* _Exercise description_
Make an exact copy of the records, leaving out the images.

* _Stored items_
_____

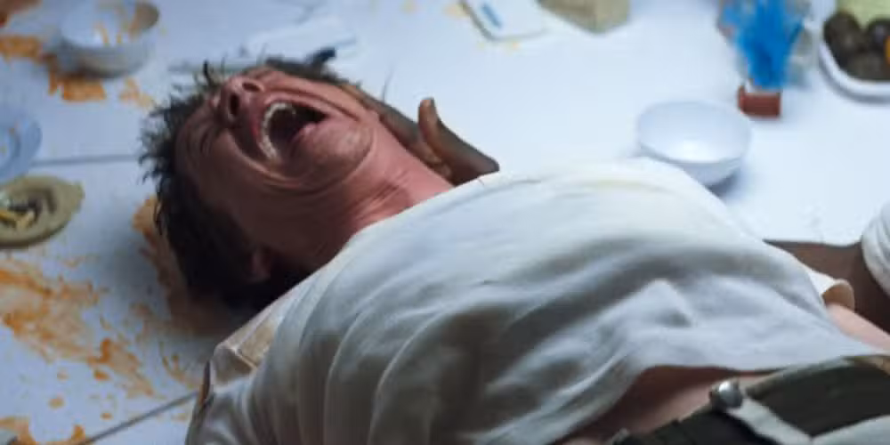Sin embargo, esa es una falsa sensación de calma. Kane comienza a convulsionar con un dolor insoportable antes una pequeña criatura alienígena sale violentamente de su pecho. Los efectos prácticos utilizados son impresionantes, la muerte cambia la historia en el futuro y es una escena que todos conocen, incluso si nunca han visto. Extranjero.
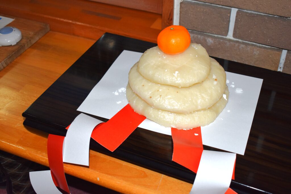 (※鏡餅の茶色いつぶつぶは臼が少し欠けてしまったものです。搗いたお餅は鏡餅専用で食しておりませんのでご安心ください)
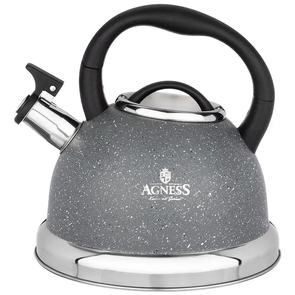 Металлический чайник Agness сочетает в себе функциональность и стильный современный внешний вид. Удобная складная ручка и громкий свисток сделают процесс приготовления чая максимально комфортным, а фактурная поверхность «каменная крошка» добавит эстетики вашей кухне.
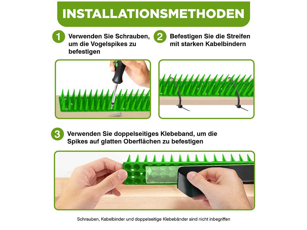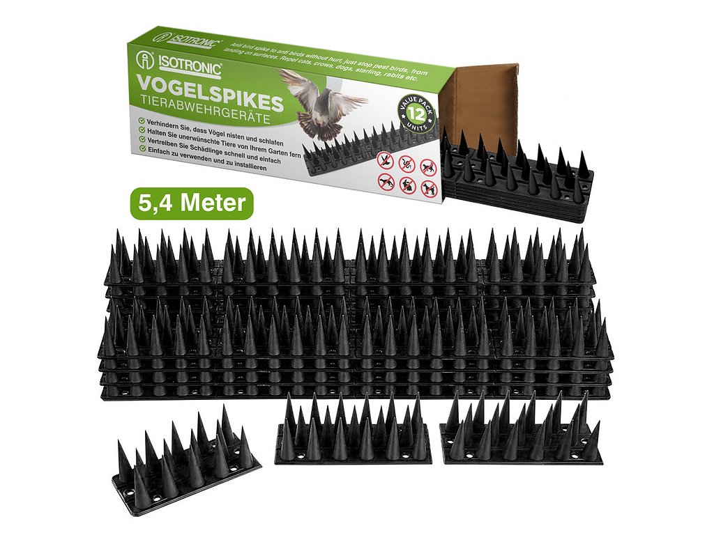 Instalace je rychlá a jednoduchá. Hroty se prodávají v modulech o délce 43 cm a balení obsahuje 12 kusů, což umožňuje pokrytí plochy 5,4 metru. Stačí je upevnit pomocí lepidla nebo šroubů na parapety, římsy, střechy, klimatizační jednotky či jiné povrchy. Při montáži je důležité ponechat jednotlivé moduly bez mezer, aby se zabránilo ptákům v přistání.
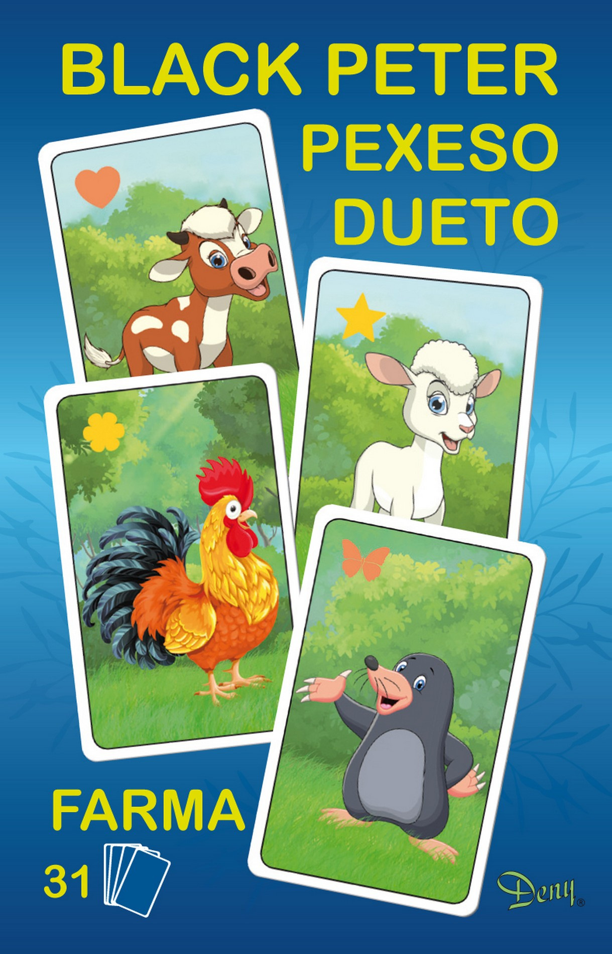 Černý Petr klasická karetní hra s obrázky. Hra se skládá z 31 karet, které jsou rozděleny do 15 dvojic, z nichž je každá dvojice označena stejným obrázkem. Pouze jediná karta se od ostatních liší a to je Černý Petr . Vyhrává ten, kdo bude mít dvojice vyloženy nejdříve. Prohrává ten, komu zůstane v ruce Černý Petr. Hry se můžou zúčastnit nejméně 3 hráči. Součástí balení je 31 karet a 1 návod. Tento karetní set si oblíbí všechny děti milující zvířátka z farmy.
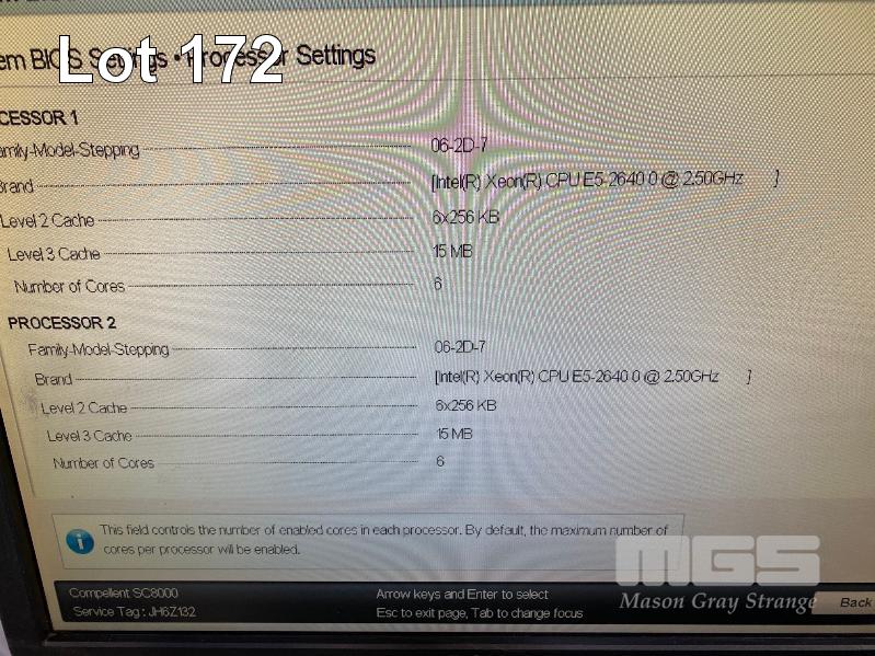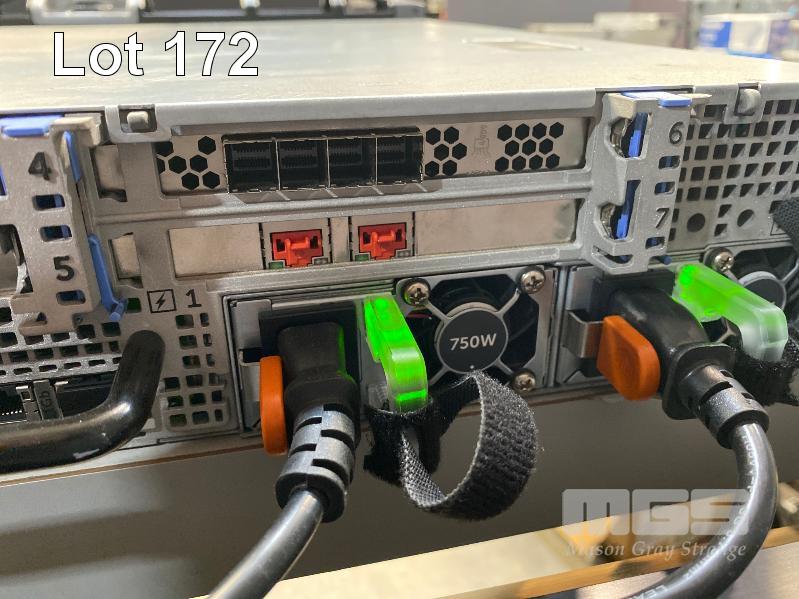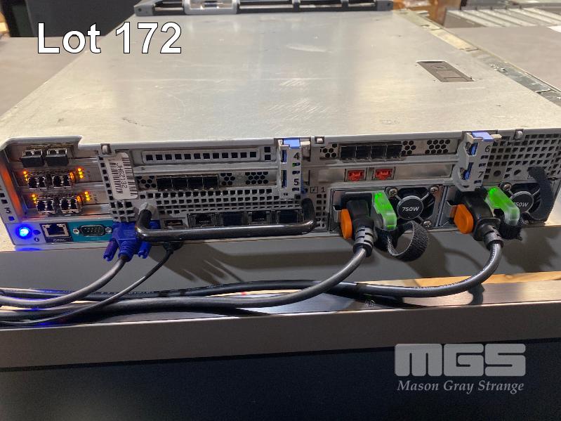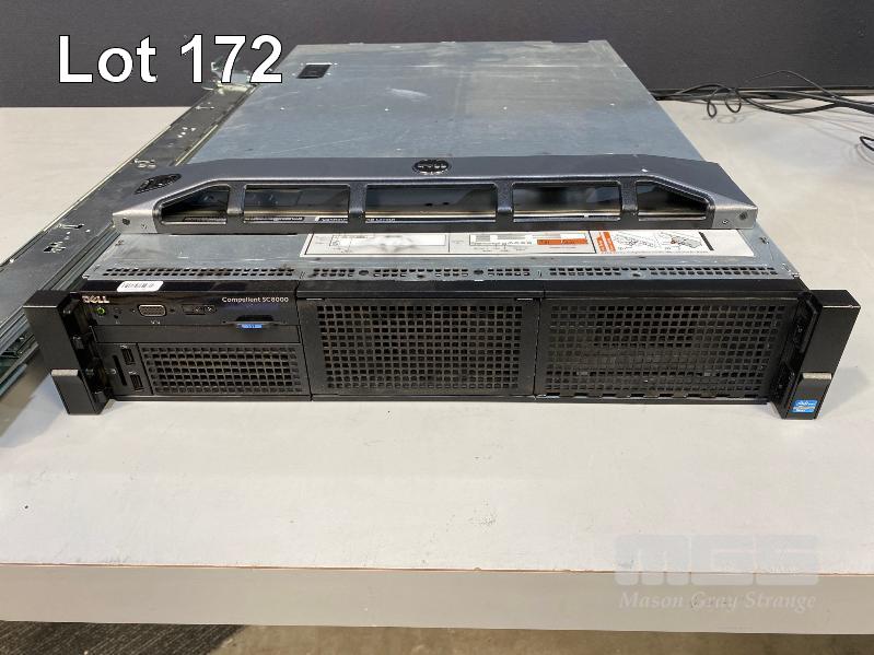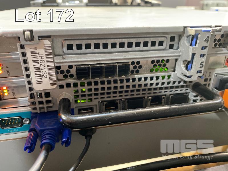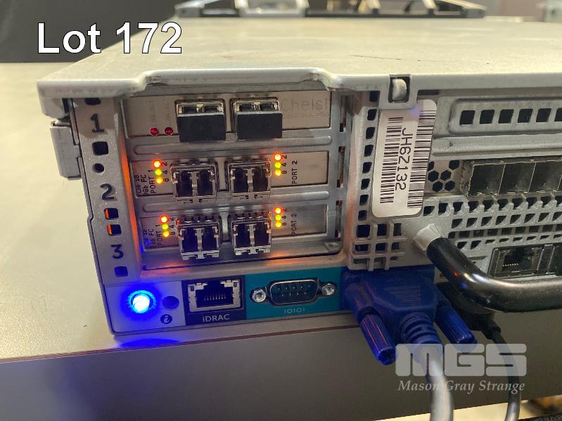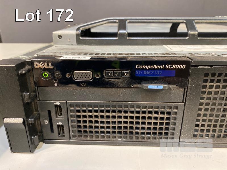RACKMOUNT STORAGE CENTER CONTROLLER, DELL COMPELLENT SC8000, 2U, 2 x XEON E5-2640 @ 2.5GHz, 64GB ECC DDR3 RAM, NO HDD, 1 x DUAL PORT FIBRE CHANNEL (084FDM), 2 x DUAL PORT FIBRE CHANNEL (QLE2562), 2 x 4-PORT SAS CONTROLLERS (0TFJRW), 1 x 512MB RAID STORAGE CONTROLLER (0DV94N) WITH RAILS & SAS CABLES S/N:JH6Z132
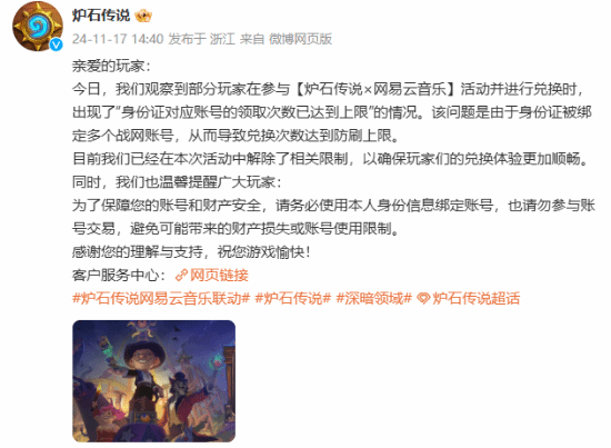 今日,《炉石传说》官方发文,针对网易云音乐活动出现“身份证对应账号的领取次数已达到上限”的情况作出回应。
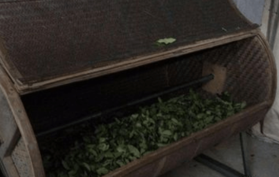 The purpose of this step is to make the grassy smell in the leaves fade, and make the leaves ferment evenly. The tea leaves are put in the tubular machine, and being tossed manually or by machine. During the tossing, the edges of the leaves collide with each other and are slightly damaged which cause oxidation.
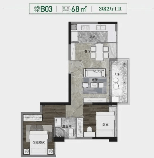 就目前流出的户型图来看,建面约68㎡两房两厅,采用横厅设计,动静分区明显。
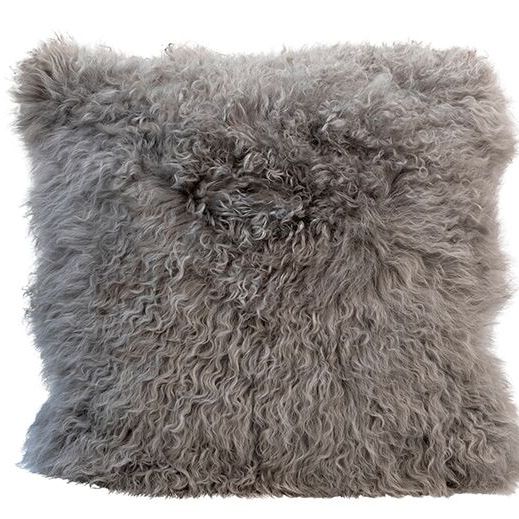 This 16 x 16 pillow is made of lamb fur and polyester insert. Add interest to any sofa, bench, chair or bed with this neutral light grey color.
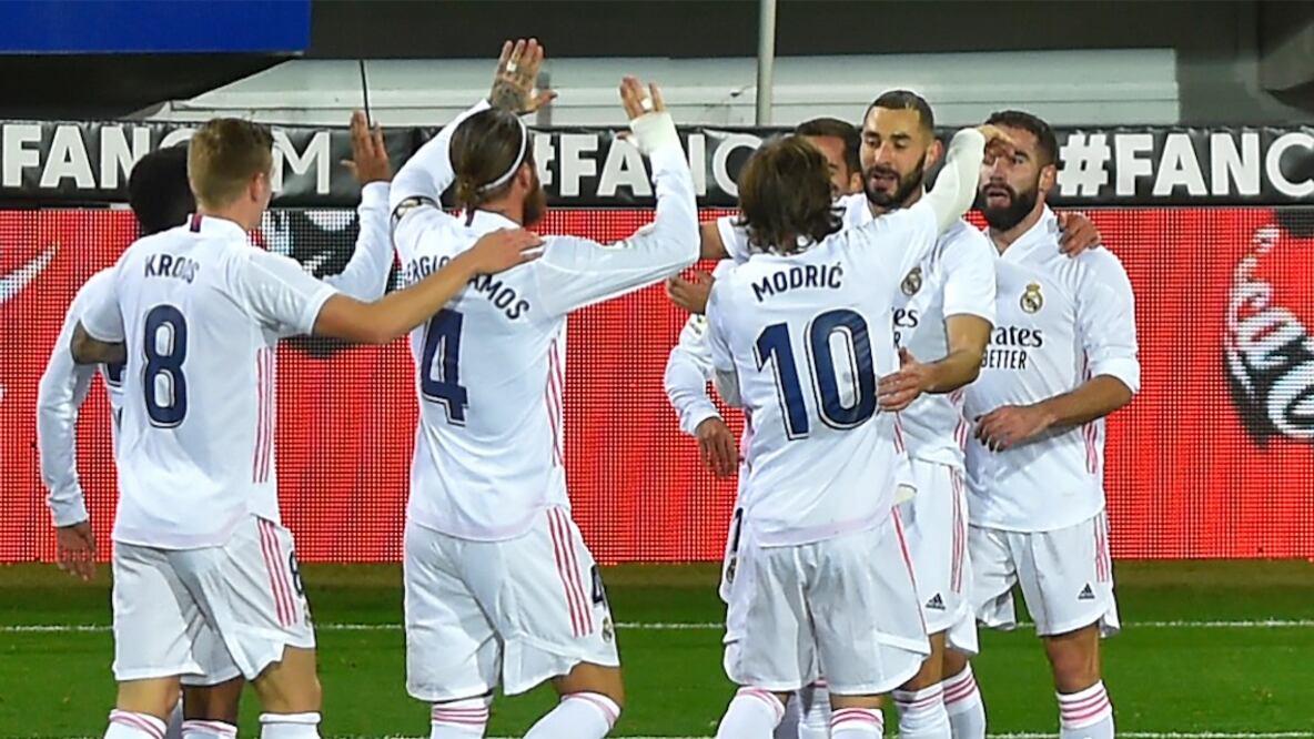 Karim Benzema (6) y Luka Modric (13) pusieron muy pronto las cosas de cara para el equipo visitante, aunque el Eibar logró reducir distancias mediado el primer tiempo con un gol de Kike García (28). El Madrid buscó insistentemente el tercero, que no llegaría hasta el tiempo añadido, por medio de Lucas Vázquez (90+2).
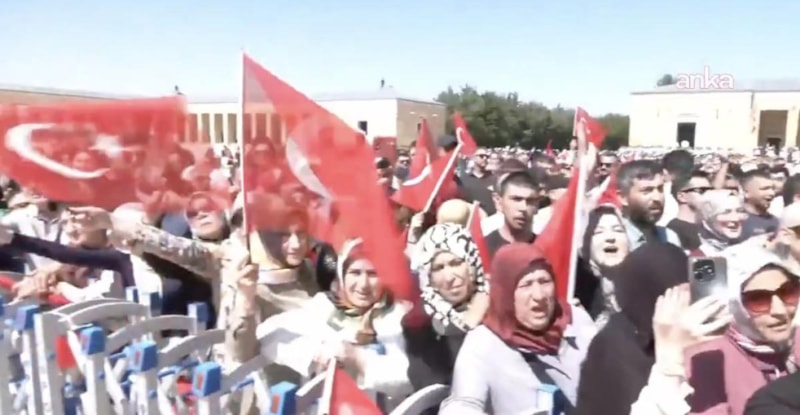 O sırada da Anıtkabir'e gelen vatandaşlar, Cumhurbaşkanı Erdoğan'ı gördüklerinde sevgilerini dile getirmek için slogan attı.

_____

* _Problem solution_
Sin embargo, esa es una falsa sensación de calma. Kane comienza a convulsionar con un dolor insoportable antes una pequeña criatura alienígena sale violentamente de su pecho. Los efectos prácticos utilizados son impresionantes, la muerte cambia la historia en el futuro y es una escena que todos conocen, incluso si nunca han visto. Extranjero.
 (※鏡餅の茶色いつぶつぶは臼が少し欠けてしまったものです。搗いたお餅は鏡餅専用で食しておりませんのでご安心ください)
 Металлический чайник Agness сочетает в себе функциональность и стильный современный внешний вид. Удобная складная ручка и громкий свисток сделают процесс приготовления чая максимально комфортным, а фактурная поверхность «каменная крошка» добавит эстетики вашей кухне.
 Instalace je rychlá a jednoduchá. Hroty se prodávají v modulech o délce 43 cm a balení obsahuje 12 kusů, což umožňuje pokrytí plochy 5,4 metru. Stačí je upevnit pomocí lepidla nebo šroubů na parapety, římsy, střechy, klimatizační jednotky či jiné povrchy. Při montáži je důležité ponechat jednotlivé moduly bez mezer, aby se zabránilo ptákům v přistání.
 Černý Petr klasická karetní hra s obrázky. Hra se skládá z 31 karet, které jsou rozděleny do 15 dvojic, z nichž je každá dvojice označena stejným obrázkem. Pouze jediná karta se od ostatních liší a to je Černý Petr . Vyhrává ten, kdo bude mít dvojice vyloženy nejdříve. Prohrává ten, komu zůstane v ruce Černý Petr. Hry se můžou zúčastnit nejméně 3 hráči. Součástí balení je 31 karet a 1 návod. Tento karetní set si oblíbí všechny děti milující zvířátka z farmy.
RACKMOUNT STORAGE CENTER CONTROLLER, DELL COMPELLENT SC8000, 2U, 2 x XEON E5-2640 @ 2.5GHz, 64GB ECC DDR3 RAM, NO HDD, 1 x DUAL PORT FIBRE CHANNEL (084FDM), 2 x DUAL PORT FIBRE CHANNEL (QLE2562), 2 x 4-PORT SAS CONTROLLERS (0TFJRW), 1 x 512MB RAID STORAGE CONTROLLER (0DV94N) WITH RAILS & SAS CABLES S/N:JH6Z132
 今日,《炉石传说》官方发文,针对网易云音乐活动出现“身份证对应账号的领取次数已达到上限”的情况作出回应。
 The purpose of this step is to make the grassy smell in the leaves fade, and make the leaves ferment evenly. The tea leaves are put in the tubular machine, and being tossed manually or by machine. During the tossing, the edges of the leaves collide with each other and are slightly damaged which cause oxidation.
 就目前流出的户型图来看,建面约68㎡两房两厅,采用横厅设计,动静分区明显。
 This 16 x 16 pillow is made of lamb fur and polyester insert. Add interest to any sofa, bench, chair or bed with this neutral light grey color.
 Karim Benzema (6) y Luka Modric (13) pusieron muy pronto las cosas de cara para el equipo visitante, aunque el Eibar logró reducir distancias mediado el primer tiempo con un gol de Kike García (28). El Madrid buscó insistentemente el tercero, que no llegaría hasta el tiempo añadido, por medio de Lucas Vázquez (90+2).
 O sırada da Anıtkabir'e gelen vatandaşlar, Cumhurbaşkanı Erdoğan'ı gördüklerinde sevgilerini dile getirmek için slogan attı.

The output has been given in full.